Funded by Huawei Technologies Co. Ltd - Huawei Innovation Research Program
The aim of this project is to improve water quality for the Great Barrier Reef and wetlands impacted by sugarcane farming. This project will work in partnership with industry, extension, NRM, research and government organisations to develop and deploy an irrigation system that is automatically controlled by remotely accessing feedback from the IrrigWeb decision support tool.
Irrigweb provides optimal irrigation schedules on a paddock-by-paddock basis by linking information about climate, soils and management regimes. If new water quality targets as specified in the revised Burdekin Water Quality Improvement Plan are to by met by 2025, it will be critical to establish pathways that enable industry partners to capitalise on new technologies.
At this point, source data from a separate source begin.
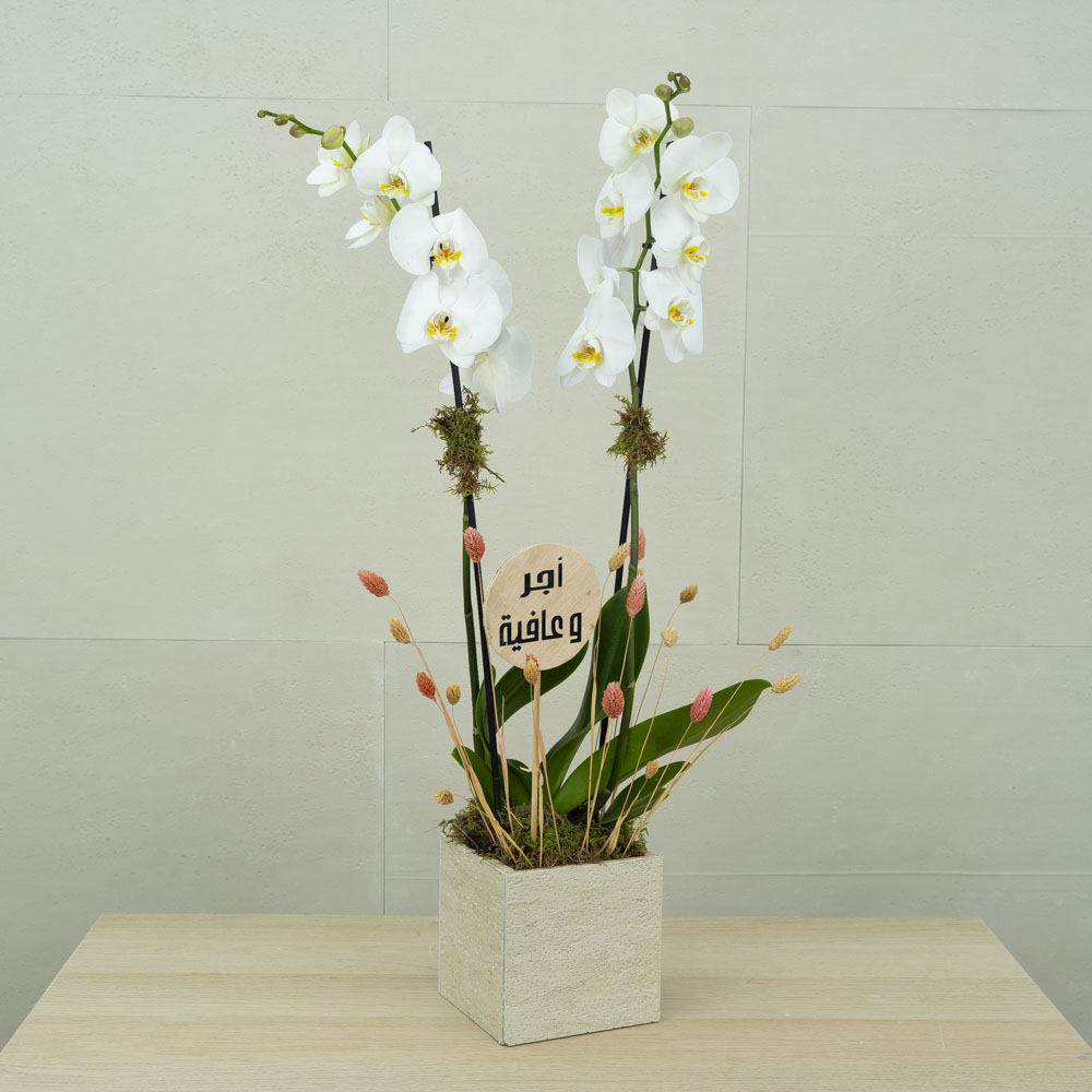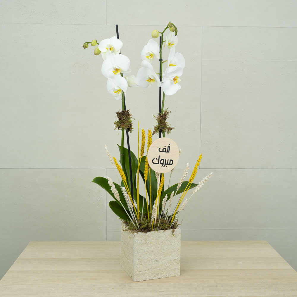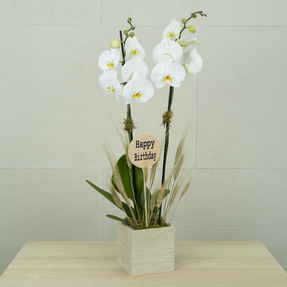 This bouquet contains baby rose and alstroemeria flowers with chocolates.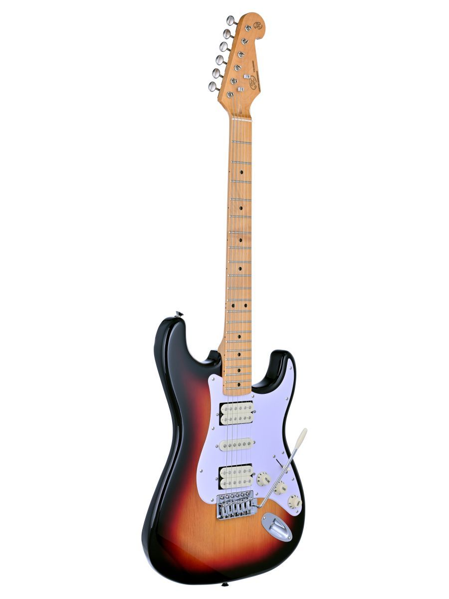 SX SST57+/HSH/3TS Электрогитара, стратокастер, корпус: липа, гриф: отборный канадский клён, накладка: отборный канадский клён, 21 лад, колки: хром, звукосниматели: H-S-H, контроллеры: 1 громкость, 2 тона, 5-позиционный переключатель, машинка: Vintage, цвет: 3 Tone Sunburst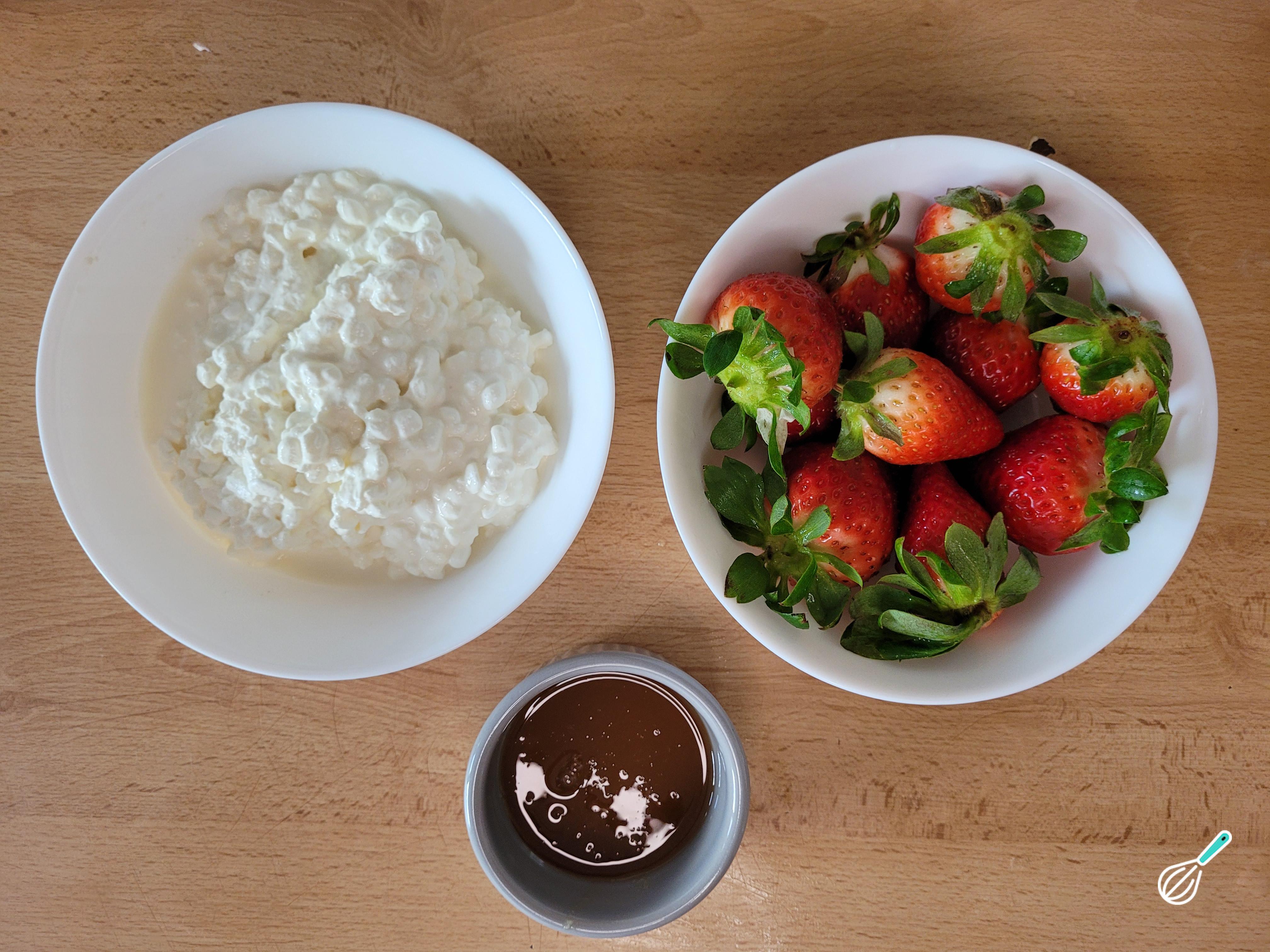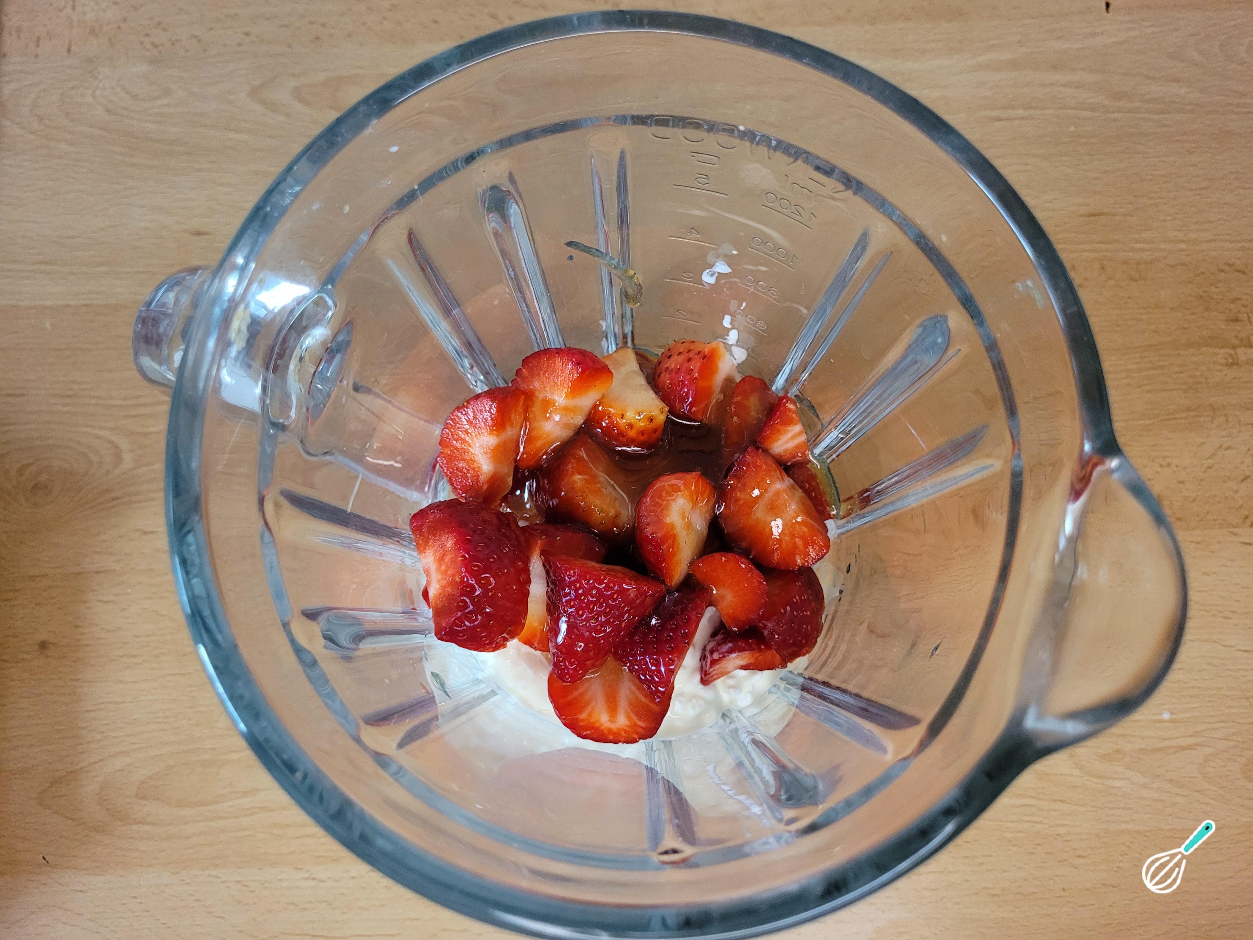 Coloque os morangos, o queijo cottage e o mel em um liquidificador.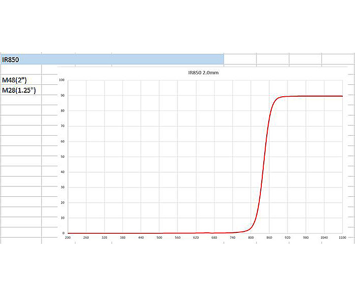 - Bande passante à partir de 720 nm ou 850 nm (au choix) : la lumière visible est bloquée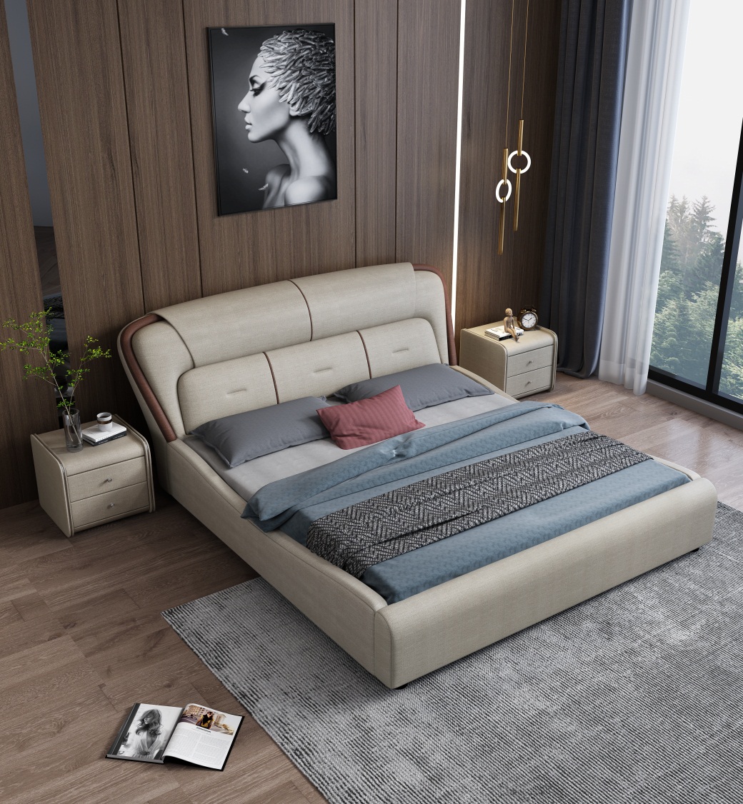 • 面料:西皮/金刚皮/科技布+靠包填充:海绵+框架:桉木+标配床板:松木排骨架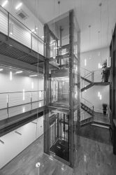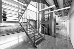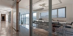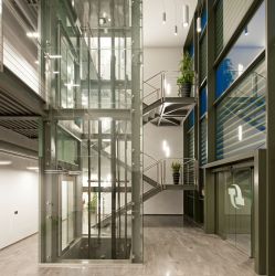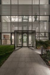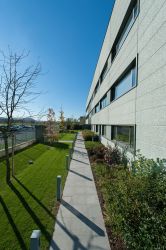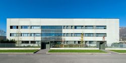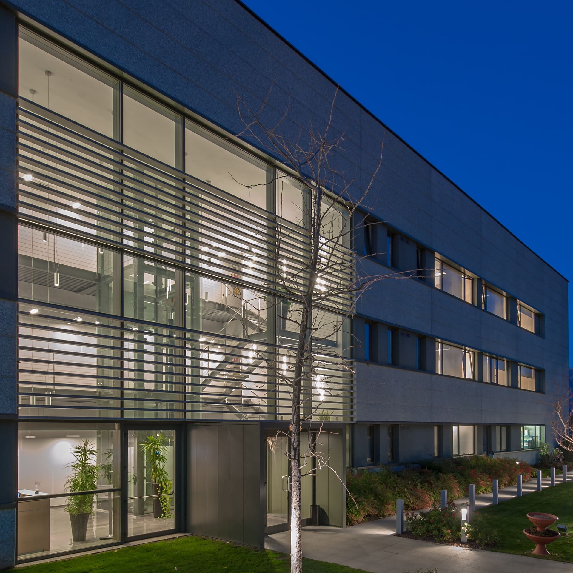 Le norme tecniche del piano attuativo imponevano, per le facciate, l’uso di pannelli prefabbricati in graniglia di cemento. Il disegno architettonico del fronte principale risponde ai vincoli normativi introducendo lunghi nastri orizzontali a cui corrispondono sottili brise soleil sovrapposti alla facciata continua dell’atrio di ingresso. Lo spazio centrale a tripla altezza organizza i sistemi distributivi, la sala riunioni e l’ufficio direzionale.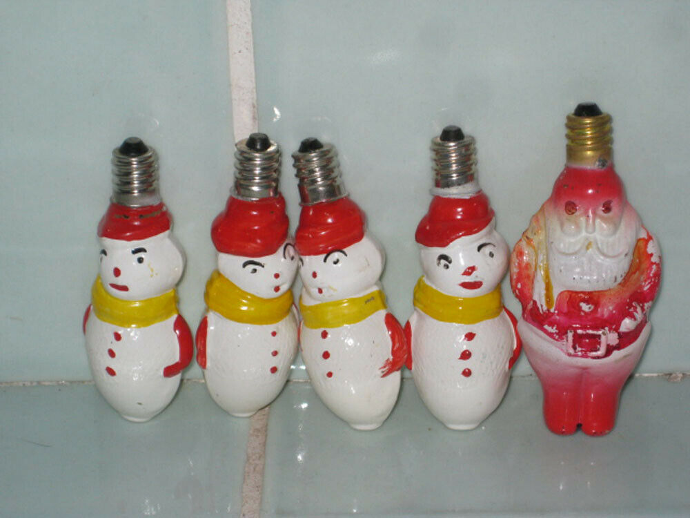 Title (ebay affiliate link): 4 Vintage Milk Glass Snowman C-7 Christmas Tree Light Bulbs + 1 Santa All Work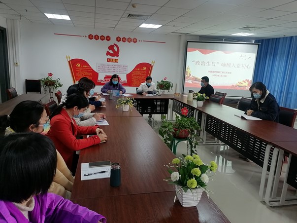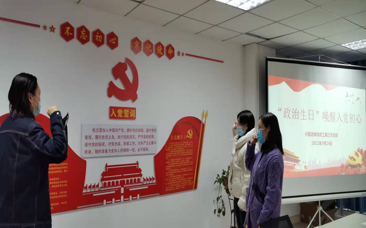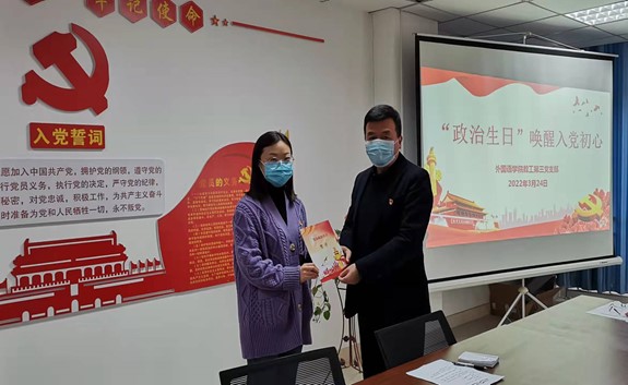 为强化党员的身份意识、责任意识和宗旨意识,2022年3月24日下午,外国语学院教工第三党支部在创新楼1012开展了以“‘政治生日’唤醒入党初心”为主题的党日活动,为3月份加入中国共产党的2名党员庆祝“政治生日”。本次活动由支部宣传委员袁瑞姣主持,外国语学院党总支书记张红兵同志和支部全体党员参加。

Funded by Department of the Environment and Energy - National Environmental Science Program (NESP) - Tropical Water Quality Hub (TWQ Hub)
This project involves conducting field testing of a LoRaWAN rain gauge prototype that was developed collaboratively between JCU and CSIRO. The prototype system uses cutting-edge low-power long-range IoT communications technology to transmit rainfall data from rain gauges in to a cloud system designed by CSIRO. The objective of the field testing is to determine whether the developed prototype is suitable for a deployed system in the Wet Tropics.